Quelles leçons peut-on tirer des marches citoyennes ?

Alexandre Laridon

Les citoyens ont écrit une page de l’histoire lors des marches du 29 août et du 12 septembre 2020 ! Celle d’une solidarité sans faille à cet attachement, bien ancré dans notre ADN qu’est le mauricianisme, et d’un ras-le-bol à l’égard d’un système défaillant, défectueux, essoufflé et d’une politique démodée qui ne reflète plus la réalité et la priorité des citoyens de notre petite île

- Publicité -

Cette colère de la population découle d’une accumulation de frustrations après la mauvaise gestion de la crise sanitaire, l’opacité autour des contrats octroyés durant la période de confinement, les scandales financiers qui n’en finissent plus, suivis de cette goutte d’huile de trop avec le manque de transparence autour du naufrage du MV Wakashio ayant causé une tragédie environnementale due à l’incompétence de ceux et celles qui nous gouvernent !

Marre d’être pris pour un peuple de moutons, ne faisant que regarder toutes ces simagrées sans pour autant agir ou réagir, les citoyens ont finalement décidé de taper du poing sur la table de cette fameuse lakwizinn en scandant « enough is enough ». Malgré la timidité de notre cher Premier ministre à venir avouer après, à la télévision nationale de propagande, sa surprise quant à cette impressionnante vague qui s’est déferlée dans les rues de la capitale, certains chefs cuistot ayant confirmé ouvertement sur la toile la présence de plus 150  000 personnes, le Chef suprême dit avoir pris bonne note des revendications et avait quand même remercié les citoyens, non pas pour leur expression de révolte mais plutôt pour l’atmosphère bon enfant, alors qu’il n’y avait rien à craindre, même si certains pyromanes continuaient toujours à y mettre des bâtons dans les roues; quoique ce fût la masse silencieuse qui s’était exprimée cette fois-ci et non pas des partisans excentriques de leurs gurus éternels.

Les deux dernières marches auront été tout un symbole à l’encontre du gouvernement en place, revendiquant ainsi la nécessité de tout un changement à tous les niveaux ; que ce soit politique, structurel, hiérarchique, en termes d’enjeux socioéconomiques, de priorités environnementales mais aussi de leadership ! D’où le fameux slogan « Bour li deor ».

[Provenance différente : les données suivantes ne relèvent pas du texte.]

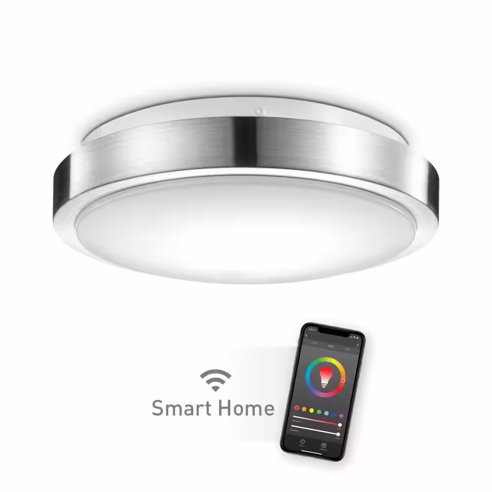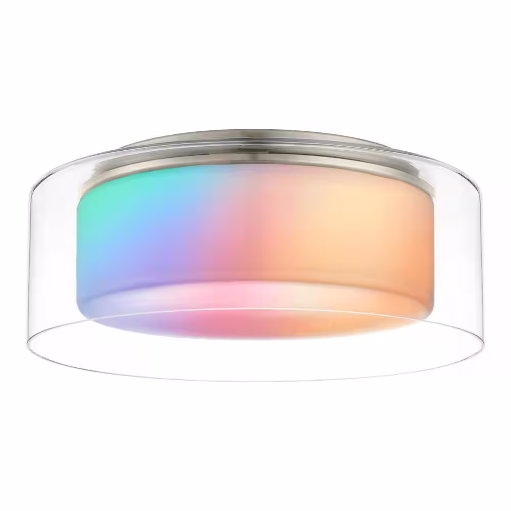 Home Decorators Collection Denning 13 in. Brushed Nickel Smart Voice Controlled CCT and RGB Color Selectable LED Flush Mount Powered by Hubspace

Mais ne soyons pas naïfs. Cet appel pour une alternative aux dysfonctionnements de la chose politique s’applique également aux partis politiques de l’opposition, même s’ils ont soutenu l’initiative réussie de Bruneau Laurette. Comment ? Eh bien, en surfant sur cette vague de protestation et construire une force politique alternative, de surcroît crédible, pour 2024 ou même avant, avec une équipe qui pourra faire face, par exemple, à des enjeux économiques qui nécessiteront d’autres compétences que celles disponibles actuellement au sein de ce gouvernement. En d’autres mots, un casting qui pourra susciter l’adhésion d’une majorité de la population. Ce qui n’est pas le cas pour le moment !

Certains diront que cette alternative devra se présenter outre des partis politiques de l’opposition, dits traditionnels. Sauf que l’histoire sociopolitique de ce pays, depuis son indépendance, nous a démontré que la société mauricienne n’est pas prête et ne le sera pas de sitôt, à accepter qu’un nouveau parti politique puisse diriger ce pays. Ne nous mettons pas le doigt dans l’œil. Mais cela ne veut pas dire que cette alternative tant convoitée ne pourra pas se faire au sein même des partis traditionnels, d’où l’importance dès maintenant de procéder à une introspection, de se ressaisir et de se préparer à affronter les prochaines échéances. Tout ceci en considérant que les prochaines années ne seront définitivement pas un long fleuve tranquille pour l’équipe soleil.

Sauront-ils donc faire bon usage des leçons de cette manifestation sans précédent ? Telle est la question. Parce que ne pas en tenir compte, c’est insulter l’intelligence et le respect des citoyens, ce qui nous mènera tous certainement vers un avenir tourmenté.